*REQUIRED ACTION*.
Set down again exactly the lines of the listing below that fall between the line holding "Lerdo, Durango.- Frente" and the line holding "2.成交量為近期一個月最大量", inclusive.

*DATASET EXTRACT*.
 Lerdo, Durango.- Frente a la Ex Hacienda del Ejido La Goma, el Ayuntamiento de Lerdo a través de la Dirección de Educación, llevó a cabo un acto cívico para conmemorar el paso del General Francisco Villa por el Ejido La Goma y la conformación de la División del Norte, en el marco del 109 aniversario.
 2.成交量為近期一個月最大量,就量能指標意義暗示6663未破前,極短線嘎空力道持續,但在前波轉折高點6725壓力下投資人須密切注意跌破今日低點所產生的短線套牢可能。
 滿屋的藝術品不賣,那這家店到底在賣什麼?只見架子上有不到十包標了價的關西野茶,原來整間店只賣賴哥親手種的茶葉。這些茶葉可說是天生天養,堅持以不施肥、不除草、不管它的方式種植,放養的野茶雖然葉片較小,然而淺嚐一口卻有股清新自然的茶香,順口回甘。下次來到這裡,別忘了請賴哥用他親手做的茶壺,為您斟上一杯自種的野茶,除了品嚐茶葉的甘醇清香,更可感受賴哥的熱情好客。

==

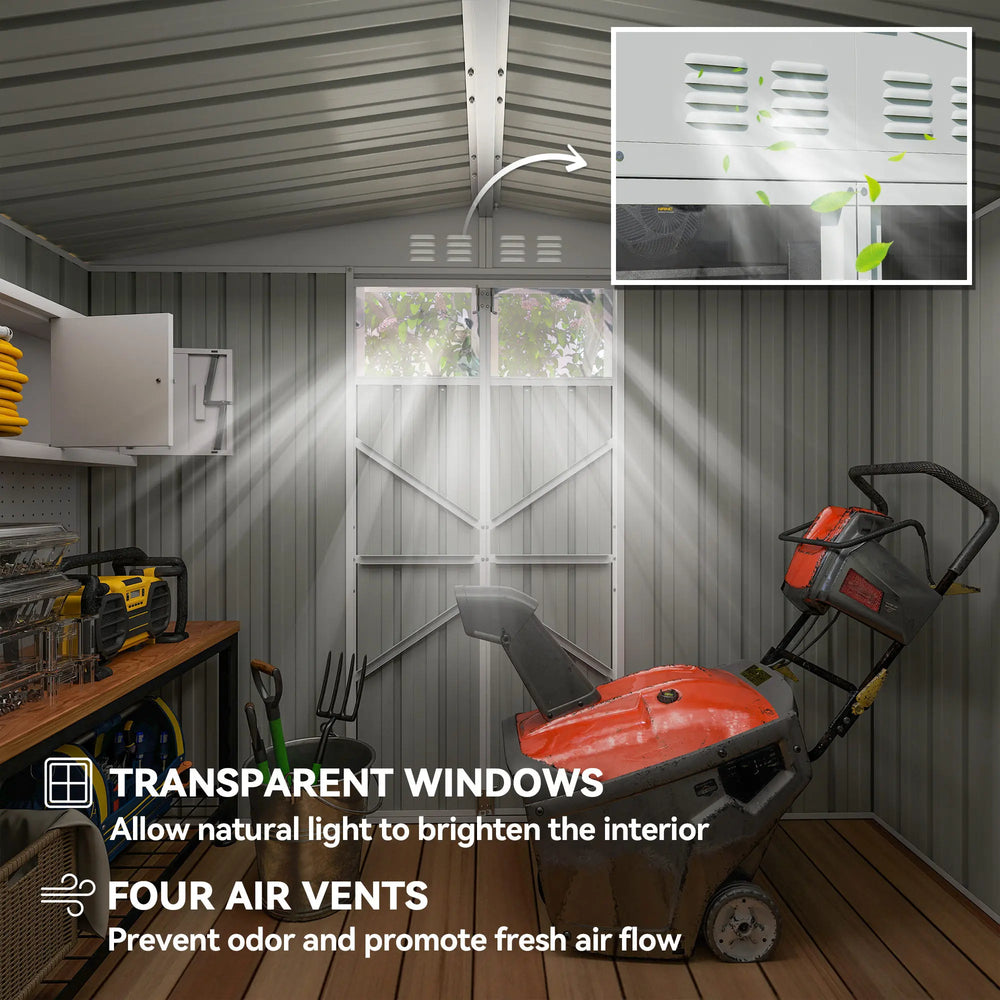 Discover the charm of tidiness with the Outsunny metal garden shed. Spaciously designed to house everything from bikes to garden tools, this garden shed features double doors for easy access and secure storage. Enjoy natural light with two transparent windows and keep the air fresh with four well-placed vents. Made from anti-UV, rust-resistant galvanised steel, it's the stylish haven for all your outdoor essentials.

*WRITTEN REPLY*.
 Lerdo, Durango.- Frente a la Ex Hacienda del Ejido La Goma, el Ayuntamiento de Lerdo a través de la Dirección de Educación, llevó a cabo un acto cívico para conmemorar el paso del General Francisco Villa por el Ejido La Goma y la conformación de la División del Norte, en el marco del 109 aniversario.
 2.成交量為近期一個月最大量,就量能指標意義暗示6663未破前,極短線嘎空力道持續,但在前波轉折高點6725壓力下投資人須密切注意跌破今日低點所產生的短線套牢可能。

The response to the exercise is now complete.